- Pam Martin and Pete Alvarado - Photo courtesy of Pam and Bob Martin.
- Born: Peter J. Alvarado Jr. February 22, 1920 Raton, New Mexico, U.S.
- Died: December 27, 2003 (aged 83) La Crescenta, California, U.S.
- Nationality: American
- Area(s): Penciller, animator, illustrator
- Pseudonym(s): Peter Jay, Bart Doe
- Notable works: Two time Academy Award winner for best short subject
- Awards: The Animation Guild, I.A.T.S.E. Local 839 Golden Award for Service to the Craft, Disney Hispanic Artist Award, Warner Bros. 24 "Carrot" Gold Award, ASIFA Winsor McCay Award for Lifetime Achievement in Aninmation

= Pete Alvarado =

American artist (1920–2003)

Peter J. Alvarado Jr. (February 22, 1920 – December 27, 2003) was an American animatior, background designer and comic book artist. Alvarado's animation career spanned almost 60 years. He was also a prolific contributor to Western Publishing's line of comic books.

==Biography==
===Animation===
Alvarado was born in Raton, New Mexico, and grew up in Glendale, California. He attended the Chouinard Art Institute in the 1930; after graduation he was hired as an assistant animator by the Walt Disney Studio. He provided uncredited work on Snow White and the Seven Dwarves. Around 1939 Alvarado left Disney to find work in New York City, where he provided his earliest comic book art for Funnies Inc., which supplied artwork for Fawcett Publications and Timely Comics (now Marvel Comics).

Alvarado returned to California and Disney Studio in 1941. He left Disney in 1946 to work for Warner Bros. Cartoons. Alvarado became the background painter for Chuck Jones, and his first screen credit was on the 1947 Pepé Le Pew short, Scent-imental Over You. He held this position until 1951, working on several cartoons such as the first Wile E. Coyote and Road Runner cartoon, Fast and Furry-ous, and Chuck Jones' Oscar-winning short For Scent-imental Reasons. His last work with Jones was Scent-imental Romeo in 1951, another cartoon featuring Pepé Le Pew. Alvarado went on to replace Cornett Wood as chief layout artist for Robert McKimson's unit. He left Warner Bros. entirely and was replaced by Bob Givens in 1953.

Alvarado later joined DePatie-Freleng Enterprises after Warner Bros. closed their cartoon division. He worked on several Pink Panther shorts, as well as the short lived animated series Super President.

Around 1971 Alvarado joined Hanna-Barbera as a layout artist; he worked on such series as The Pebbles and Bamm-Bamm Show (1971), Wheelie and the Chopper Bunch (1974), and many others. Alvarado also provided animation and layout work for Film Roman (Garfield and Friends).

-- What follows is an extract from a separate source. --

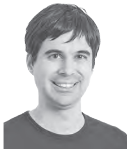
Samuel Bendahan, conseiller national (VD)

L'INITIATIVE MONNAIE PLEINE RESSEMBLE À UN BON VIEUX PIÈGE À SOURIS : UN APPÂT ALLÉCHANT ET UN DÉSASTRE SI L'ON CÈDE À LA TENTATION. CETTE INITIATIVE ATTIRE NATURELLEMENT UNE CERTAINE SYMPATHIE À GAUCHE, CAR ELLE CRITIQUE NOTRE SYSTÈME FINANCIER. OR, NOUS SOCIALISTES CONSIDÉRONS QUE CE SYSTÈME EST INJUSTE ET SOMMES TOUJOURS TENTÉS PAR LES PROPOSITIONS DE LE RÉFORMER, PARFOIS DRASTIQUEMENT. LA QUESTION FONDAMENTALE EST LA SUIVANTE : EST-CE QUE LE CHANGEMENT PROPOSÉ VA DANS NOTRE SENS OU NON ?

Alvarado was the recipient of the 2001 Winsor McCay Award, for his lifetime of achievement in animation, as well as the Animation Guild's 1987 Golden Award.

===Comic books===
Concurrently with his animation work, Alvarado also worked as a prolific comic book illustrator. As noted above, he worked from 1939 to 1941 providing artwork for Funnies Inc. Alvarado returned to the comic book world in 1947, in collaboration with Charles McKimson (brother of animator Robert McKimson). McKimson was the art director at Western Publishing Company, and the two (in collaboration with Charles' brother Thomas) drew the Roy Rogers strip under the pen name "Al McKimson." Alvarado went on to draw the Gene Autry newspaper strip and comic book, the Mr. Magoo newspaper strip for its entire run, a long period of the Little Lulu newspaper strip, some work on the Flintstones and Yogi Bear newspaper strip, and fill-in work for almost all the Disney newspaper strips, including an extended period as the main artist on the Donald Duck strip.

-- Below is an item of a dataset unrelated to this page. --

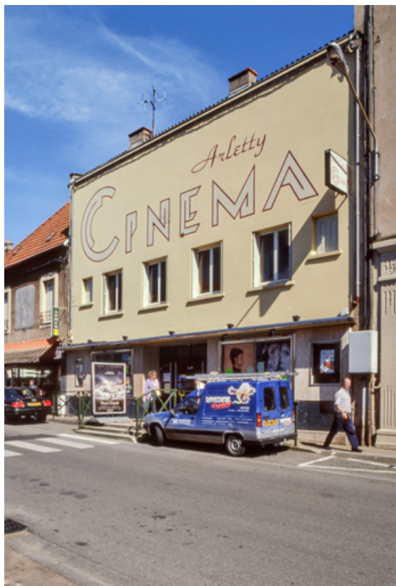
Façade antérieure de trois quarts droite, en 2001. 71, Autun, 3-5 rue Pernelle
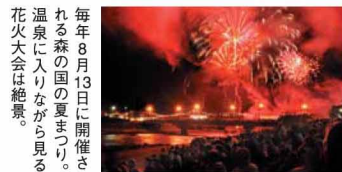
毎年8月13日に開催される森の国の夏まつり。温泉に入りながら見る花火大会は絶景。

The bulk of Alvarado's work at Western was for their anthropomorphic animal comic books. Alvarado provided artwork for almost every Disney (Chip 'n' Dale, Scamp), Warner Bros. (Tweety & Sylvester, Road Runner), Hanna-Barbera (Yogi Bear) and Walter Lantz (Andy Panda) licensed title. He also illustrated comic book adaptations of the animated films The Rescuers, Robin Hood, and Gay Purr-ee.

Alvarado retired from animation in 1999. He died on December 27, 2003, in La Crescenta, California.